(Collected data entries)

━━━━━━━━━━

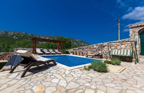 Villa mediterránea de piedra con sauna, piscina privada, 8 aparatos de aire acondicionado, barbacoa - admite perros | Casa en Bribir
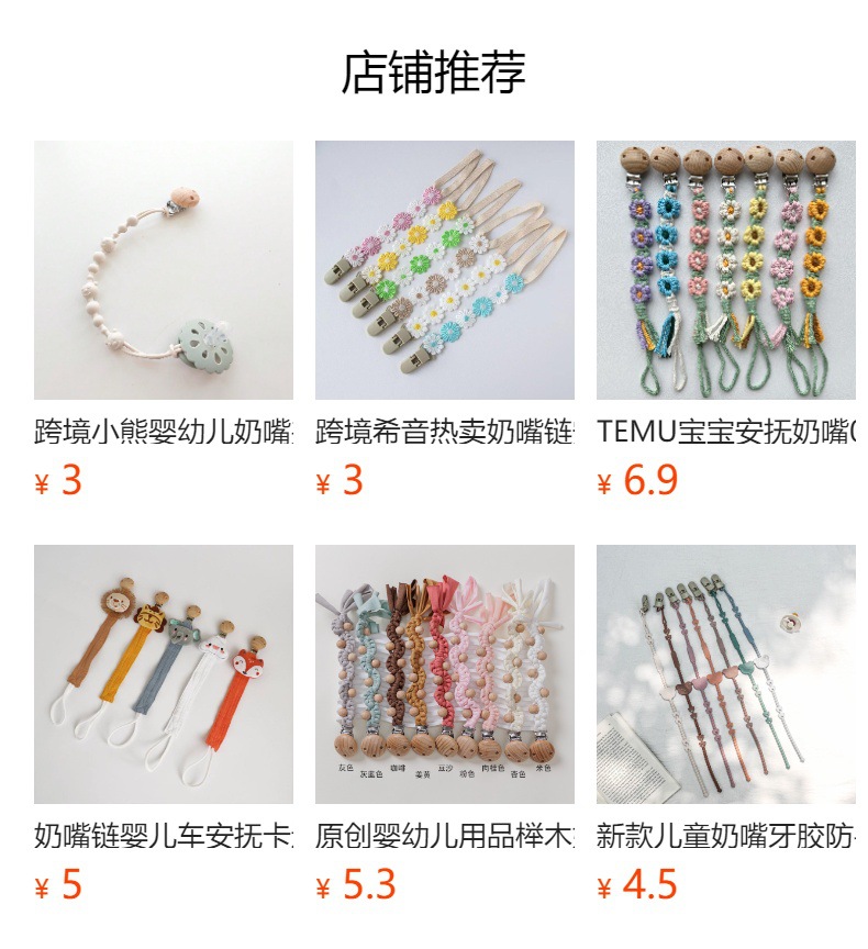 クロスボーダーinsベビー一体シリコンチェーン穴なしケヤキ挟みおしゃぶり防止チェーンなだめるおしゃぶりチェーン
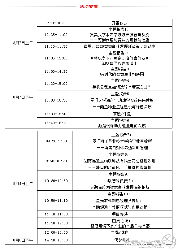 | 中國(guó)水產(chǎn)頻道報(bào)道, 在疫情相對(duì)穩(wěn)定、可控的前提下,廈門(mén)迎來(lái)了重量級(jí)“水產(chǎn)養(yǎng)殖展覽會(huì)暨智慧漁業(yè)綠色發(fā)展峰會(huì)”。活動(dòng)將大咖云集,包括行業(yè)主管部門(mén)領(lǐng)導(dǎo)、行業(yè)管理研究專(zhuān)家、知名大學(xué)教授、水產(chǎn)養(yǎng)殖領(lǐng)域的前沿技術(shù)專(zhuān)家、學(xué)者、技術(shù)服務(wù)人員、水產(chǎn)養(yǎng)殖戶(hù)、行業(yè)合作社、經(jīng)銷(xiāo)商、供應(yīng)商等踴躍參與,共同探討國(guó)家政策、行業(yè)發(fā)展方向、互動(dòng)釋疑、高端前沿技術(shù)普及與交流。“2020廈門(mén)水產(chǎn)養(yǎng)殖展覽會(huì)暨智慧漁業(yè)綠色發(fā)展峰會(huì)”將把重點(diǎn)放在水產(chǎn)養(yǎng)殖新觀念、新產(chǎn)品、綠色生態(tài)、現(xiàn)代工廠化等應(yīng)用技術(shù)方面,同時(shí)開(kāi)展各種技術(shù)、應(yīng)用、發(fā)展趨勢(shì)、商務(wù)交流,真正實(shí)現(xiàn)研發(fā)、生產(chǎn)、銷(xiāo)售、應(yīng)用全供應(yīng)鏈對(duì)接。“2020廈門(mén)水產(chǎn)養(yǎng)殖展覽會(huì)暨智慧漁業(yè)綠色發(fā)展峰會(huì)”即將為您提供超值服務(wù)! 觀眾登記 咨詢(xún)電話:0592-3984166,13720887447 |
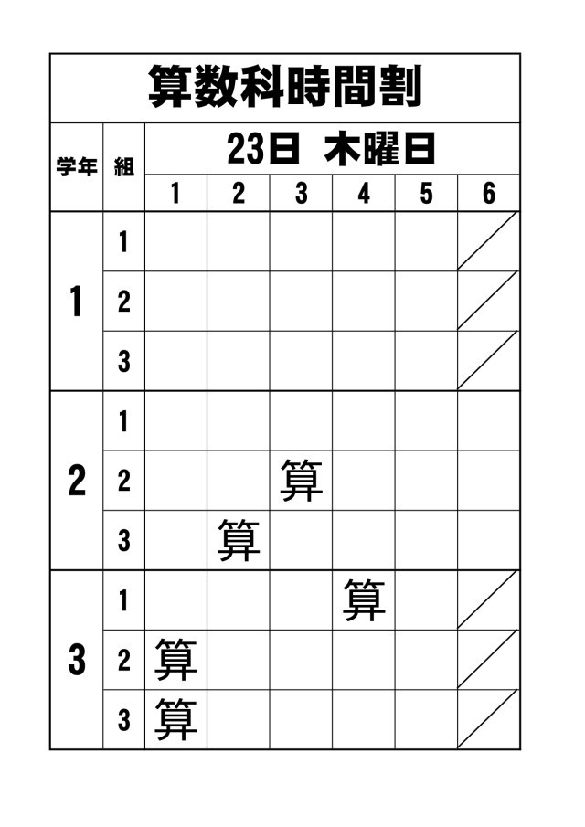 4月23日(木)の1~3年生の算数の授業予定です。
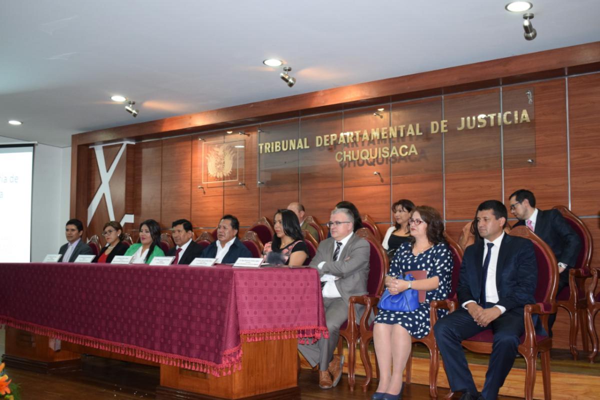 Los más de 400 asistentes entre autoridades, jueces, fiscales, profesionales en el área del derecho, servidores públicos de las instituciones que forman parte del Órgano Judicial y del TCP de Bolivia así como estudiantes de Derecho que se dieron cita en el Salón de Honor del Tribunal Departamental de Justicia de Chuquisaca recibieron al cierre del evento su certificado de participación.
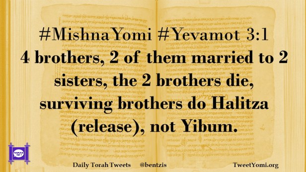 #MishnaYomi #Yevamot 3:1 4 brothers, 2 of them married to 2 sisters, the 2 brothers die, surviving brothers do Halitza (release), not Yibum.
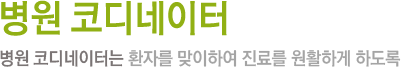 접수, 안내, 처방전 발급, 수술 상담 등 병원 업무 서비스 만족도를 높이고, 병원에서 직원들을 도와서 기획, 환자 관리, 업무개선, 직원 교육, 병원 홍보 마케팅을 담당하며 병원을 발전시키는 역할을 하는 직업인입니다. 코디네이터가 하는 일은 환자를 응대하는 것부터 전화 상담과 환자의 진료상담 관리는 물론 나아가 병원 홍보 마케팅 업무까지 총괄합니다. 관련 경력이 없다면 보통 수납이나 예약, 전화 상담을 하는 리셉션 코디네이터부터 시작하는데 이어 치료 상담 업무를 전담하는 치료 코디네이터, 병원 서비스의 질을 전체적으로 관리하는 병원 매니저, 직원 교육을 담당하는 서비스 코디네이터 등으로 올라갈 수 있으며 병원 서비스 강사나 병원 이미지 컨설턴트, 사내 서비스 강사 등으로 활동할 수 있습니다. 병원코디네이터 과정은 병원 서비스에 대한 이해와 코디네이터 역할을 분명히 알고 코디네이터가 갖춰야 하는 기본적인 서비스 매너와 노하우를 익힐 수 있도록 내용을 구성하여 병원에서 실제로 서비스 실무를 수행하는 데 필요한 실무 스킬을 기르도록 하는 교육과정입니다.
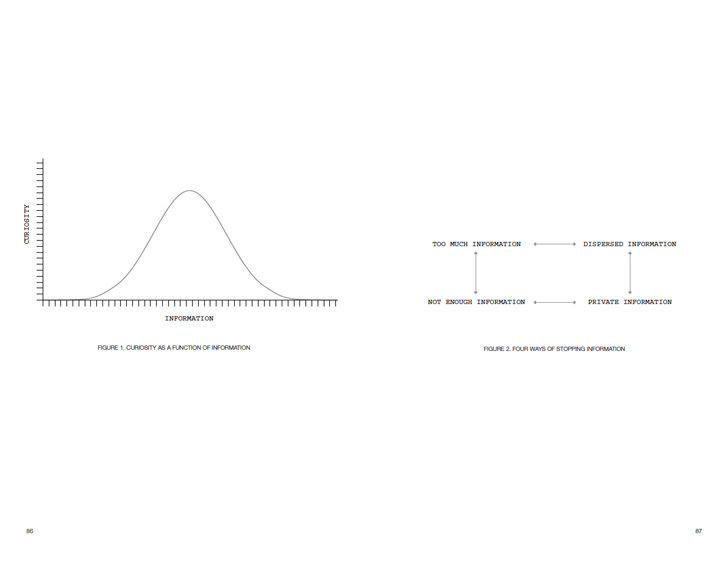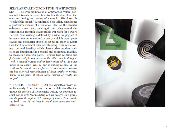 The second part consists of reproductions of a series of lithographic proof prints. Accompanying these prints are extended captions individually produced for different exhibitions in 2008. Each caption was composed in line with the manner of its accompanying image. Although never intended as a set, a number of generic themes emerged, such as abstraction, mathematics, logic, and cooperation. The book intends to demonstrate how ideas from the first part have been rechannelled in the second.
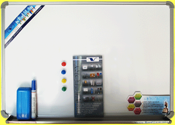 | ไวท์บอร์ด ชนิดติดแม่เหล็กได้ ผิวไวท์บอร์ดชนิดอะคริลิคถูกเคลือบโดยตรงลงบน แผ่นเหล็กกาวาไนต์ และอบที่ความร้อน 200 c ทำให้ไม่มีปัญหาบอร์ดบวมติดแม่เหล็กไม่อยู่ |
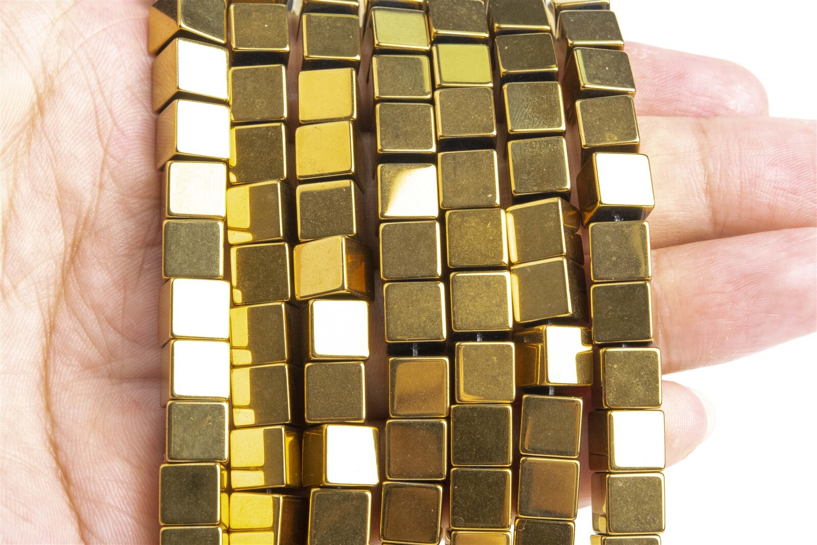 Gold Tone Hematite Cube Gemstone Loose Beads 1/2/6/7-8/10MM
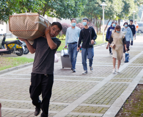 踏着早晨明媚的阳光, 新生从全国各地赶来。
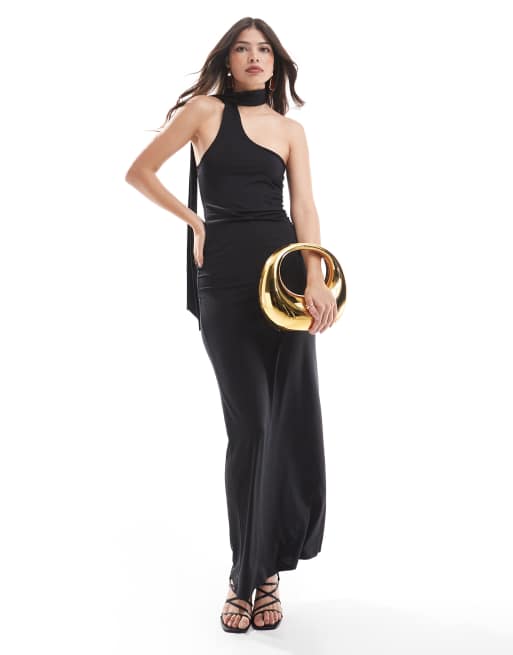 ASOS DESIGN - Robe près du corps mi-longue avec détail foulard - Noir
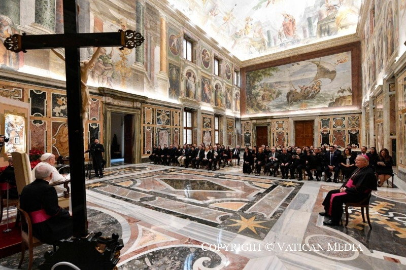 A pápa arra buzdította a küldöttség tagjait, hogy minden tevékenységüket Krisztus és az Anyaszentegyház tagjaként végezzék. Hangsúlyozta, hogy konkrétan hozzá kell járulnunk az Egyház missziós és evangéliumi küldetéséhez, amely a hitből és a szeretetből nyer ösztönzést. Ferenc pápa arra kérte az egyetem képviselőit, hogy „az Egyház szívéből kiindulva végezzék tevékenységüket”, hogy „olyan embereket képezzenek, akik képesek elfogadni Istent, és bármely területen tanúságot tenni róla, valamint akik képesek olyan testvéri társadalmat építeni, amelyben az Egyházat tagjainak jó cselekedetei által tapasztalják meg”.
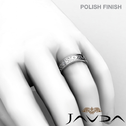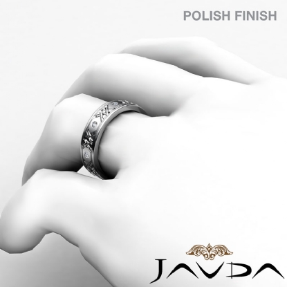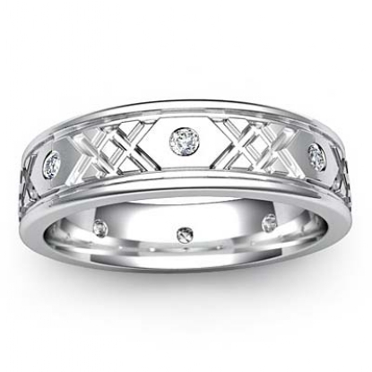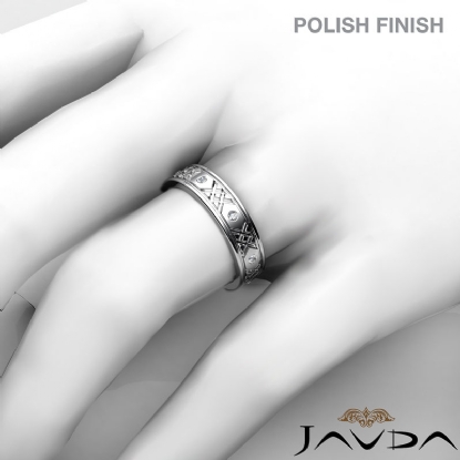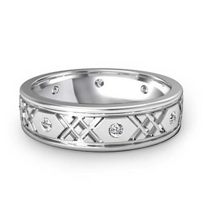 The solid high quality diamond eternity men's wedding band crafted in 18k Gold White. This polished finish ring features XO style and round edges with round diamonds in a bezel setting.
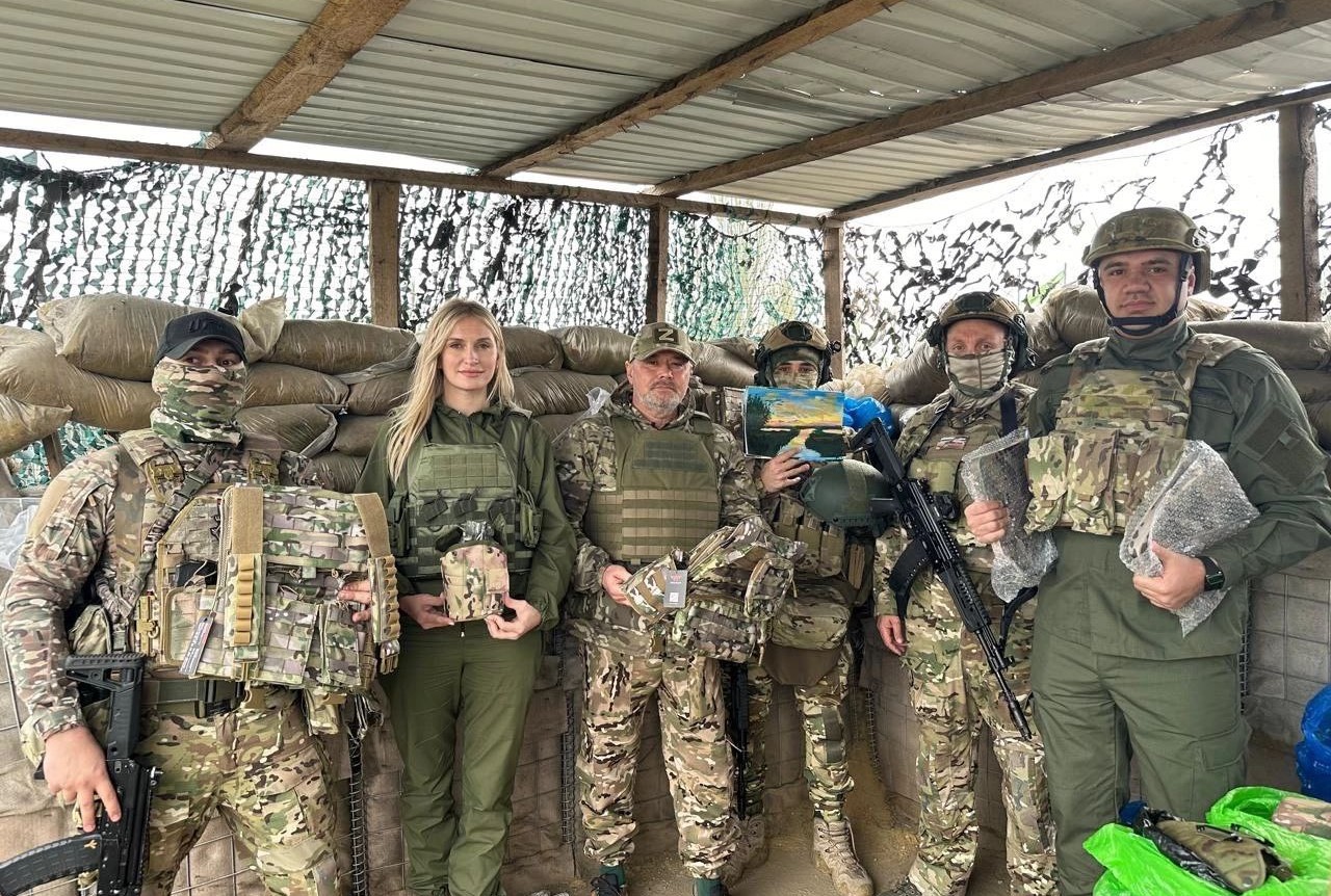 Донская делегация доставила в передовое подразделение элементы защитной экипировки — бронеплиты, разгрузки, шлемы и фонари к ним, активные наушники, тактические очки и часы. А Наталья Давыдова вручила бойцам специально нарисованные для них донские пейзажи — подарок от женского клуба «Единой России», объединяющего мам детей с инвалидностью.
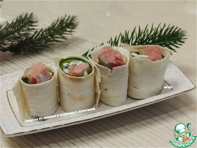 Рецепт «Закуска из лаваша и огуречных рулетиков»:

━━━━━━━━━━

#### [EXERCISE OBJECTIVE]
Exact repeats of the lines from the first one in the data through the line containing "4月23日(木)の1~3年生の算数の授業予定です。" make up the answer. Pictures do not.

#### [YOUR SOLUTION]
 Villa mediterránea de piedra con sauna, piscina privada, 8 aparatos de aire acondicionado, barbacoa - admite perros | Casa en Bribir
 クロスボーダーinsベビー一体シリコンチェーン穴なしケヤキ挟みおしゃぶり防止チェーンなだめるおしゃぶりチェーン
 | 中國(guó)水產(chǎn)頻道報(bào)道, 在疫情相對(duì)穩(wěn)定、可控的前提下,廈門(mén)迎來(lái)了重量級(jí)“水產(chǎn)養(yǎng)殖展覽會(huì)暨智慧漁業(yè)綠色發(fā)展峰會(huì)”。活動(dòng)將大咖云集,包括行業(yè)主管部門(mén)領(lǐng)導(dǎo)、行業(yè)管理研究專(zhuān)家、知名大學(xué)教授、水產(chǎn)養(yǎng)殖領(lǐng)域的前沿技術(shù)專(zhuān)家、學(xué)者、技術(shù)服務(wù)人員、水產(chǎn)養(yǎng)殖戶(hù)、行業(yè)合作社、經(jīng)銷(xiāo)商、供應(yīng)商等踴躍參與,共同探討國(guó)家政策、行業(yè)發(fā)展方向、互動(dòng)釋疑、高端前沿技術(shù)普及與交流。“2020廈門(mén)水產(chǎn)養(yǎng)殖展覽會(huì)暨智慧漁業(yè)綠色發(fā)展峰會(huì)”將把重點(diǎn)放在水產(chǎn)養(yǎng)殖新觀念、新產(chǎn)品、綠色生態(tài)、現(xiàn)代工廠化等應(yīng)用技術(shù)方面,同時(shí)開(kāi)展各種技術(shù)、應(yīng)用、發(fā)展趨勢(shì)、商務(wù)交流,真正實(shí)現(xiàn)研發(fā)、生產(chǎn)、銷(xiāo)售、應(yīng)用全供應(yīng)鏈對(duì)接。“2020廈門(mén)水產(chǎn)養(yǎng)殖展覽會(huì)暨智慧漁業(yè)綠色發(fā)展峰會(huì)”即將為您提供超值服務(wù)! 觀眾登記 咨詢(xún)電話:0592-3984166,13720887447 |
 4月23日(木)の1~3年生の算数の授業予定です。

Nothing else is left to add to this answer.